Naturellement, les biologistes et les médecins de l’île avaient cherché, dès les premiers jours, sous la direction de Bahanba, un antidote au JL3.

En utilisant le virus et son contraire – si on trouvait celui-ci – l’humanité pourrait, peut-être, utiliser l’immortalité au lieu de la subir.

Mais les travaux d’Hamblain, de Galdos, de Ramsay, de Roland, de leurs collègues russes et chinois n’avaient donné aucun résultat. Le JL3, qui avait vaincu le cancer jusqu’à lui indomptable, et fait reculer la mort, se montrait à son tour rétif à toute tentative de dressage ou d’asservissement.

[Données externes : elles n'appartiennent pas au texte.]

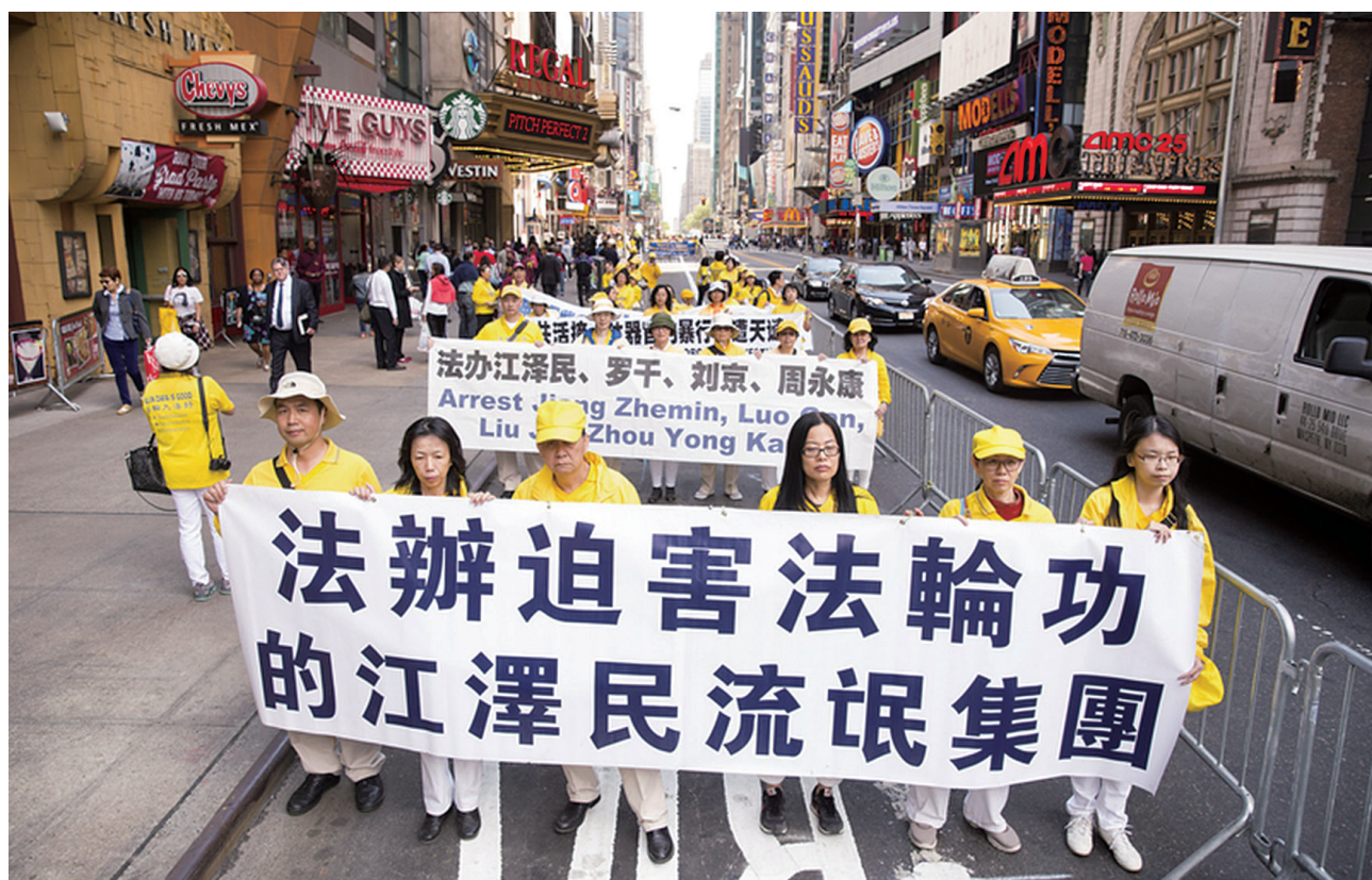
图：5月15日，八千多法轮功学员齐聚纽约市曼哈顿“停止迫害法轮功”，严惩江泽民犯罪集团。

1999年7月，纽伦堡审判的历史教训刚刚过去五十多年，中共独裁小丑江泽民由于妒嫉法轮功创始人李洪志先生
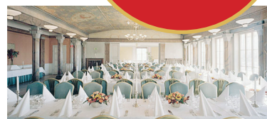
Spellokalen blir Hazeliussalen.
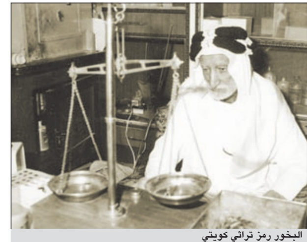
البخور رمز تراثي كويتي
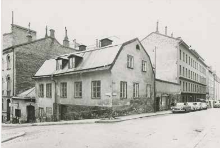
FASTIGHETEN MED DE ÄLDRE GÅRDSHUSEN ÅR 1968. FOTO H.N. SSMF93626.
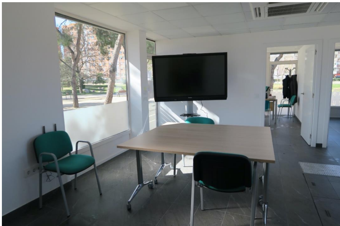
Interior de la Oficina de Vida Independiente
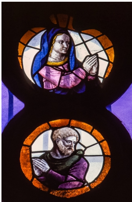
Bustes de la Vierge et d'un apôtre (soufflets). 39, Bersaillin
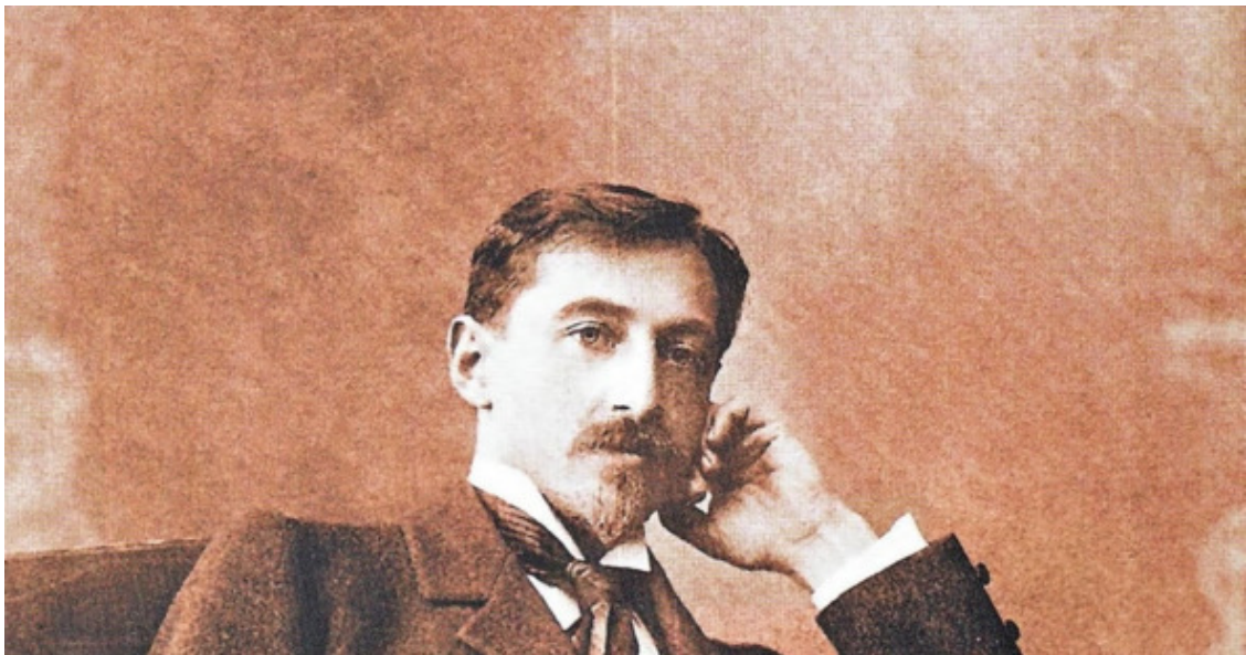
Иван Алексеевич Бунин

– Аннушка! Я рад встречи с тобой. Как ваше плавание, все ли было удачно?
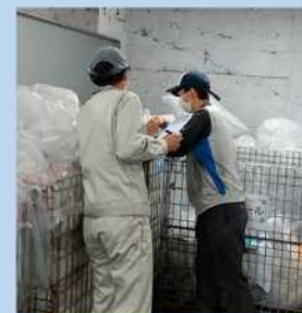
分別確認パトロール
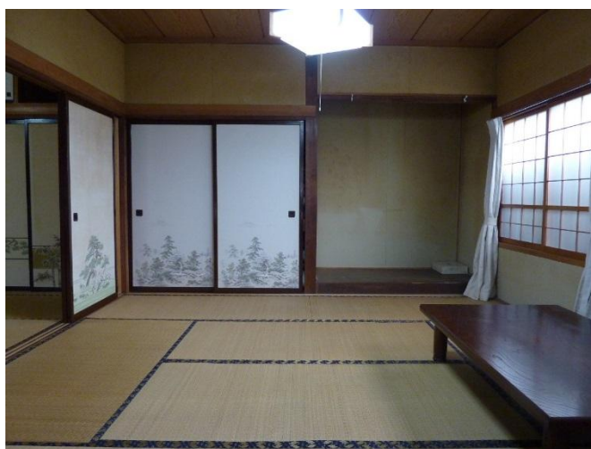
和室 8帖 (続き間)
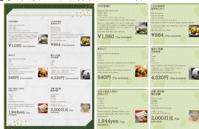
<メニュー&プライスカード見本>
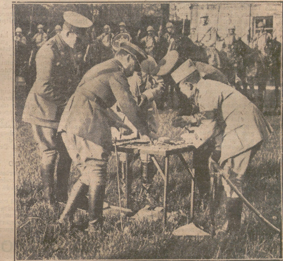
LA LUCHA EN FRANCIA. Oficiales franceses haciendo una distribución de recompensas.

Finalmente, el crítico se sorprende de que haya traducido «bound» por «atado» y de que así resulte que diga el autor traducido: «Cervantes fué embarcado en la galera del Bey y conducido atado á Constantinopla.» También me sorprendió á mí, teniendo en cuenta que «bound for» puede traducirse asimismo: «con destino á», y «por eso precisamente» (estando la traducción
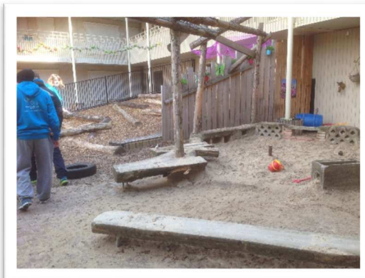
Litt annen type utelekeplass enn vi er vant med.

Besøket både på skolen og i barnehagen var veldig interessant.

Un vaccin mis au point par Galdos, le C41, avait suscité quelques espoirs. Il retardait de six mois la contagion chez les rats. Mais il n’avait aucun effet sur le singe. Il permettait la naissance d’un commencement d’épi chez le maïs. Mais les grains restaient gros comme du poivre et ne mûrissaient pas. Le riz et le blé demeuraient totalement indifférents au traitement et continuaient à ne donner que des fleurs. Un plant de tomate avait produit des fruits sans discontinuer pendant vingt-six mois, puis arrosé de JL3, s’était remis à la fleur. Trois vieux chiens et trois vieux chats importés d’Europe avaient été traités au C41 dès leur arrivée. Malgré ce vaccin, les chats avaient subi la contagion dans les délais habituels. Mais les chiens avaient bien réagi, c’est-à-dire qu’ils avaient continué de vieillir comme tous les vieux chiens du monde, et des injections directes de sang contaminé n’avaient pas arrêté leur décrépitude. La femelle était morte d’une tumeur de la mamelle après l’avoir traînée à terre pendant des mois, le mâle cocker d’un arrêt du cœur et le caniche d’une pneumonie.

Quel serait l’effet du C41 sur l’homme ? Rien, dans l’expérimentation sur les animaux et les plantes ne permettait de le présumer. Il fallait passer à l’expérimentation directe. Mais quand arrivait un nouveau venu, vierge de JL3, qui aurait osé lui proposer de servir de cobaye, et de risquer ainsi sa chance d’immortalité ?

Quand Jeanne apprit par Roland l’existence du C41 et son effet sur les chiens, elle demanda à être vaccinée.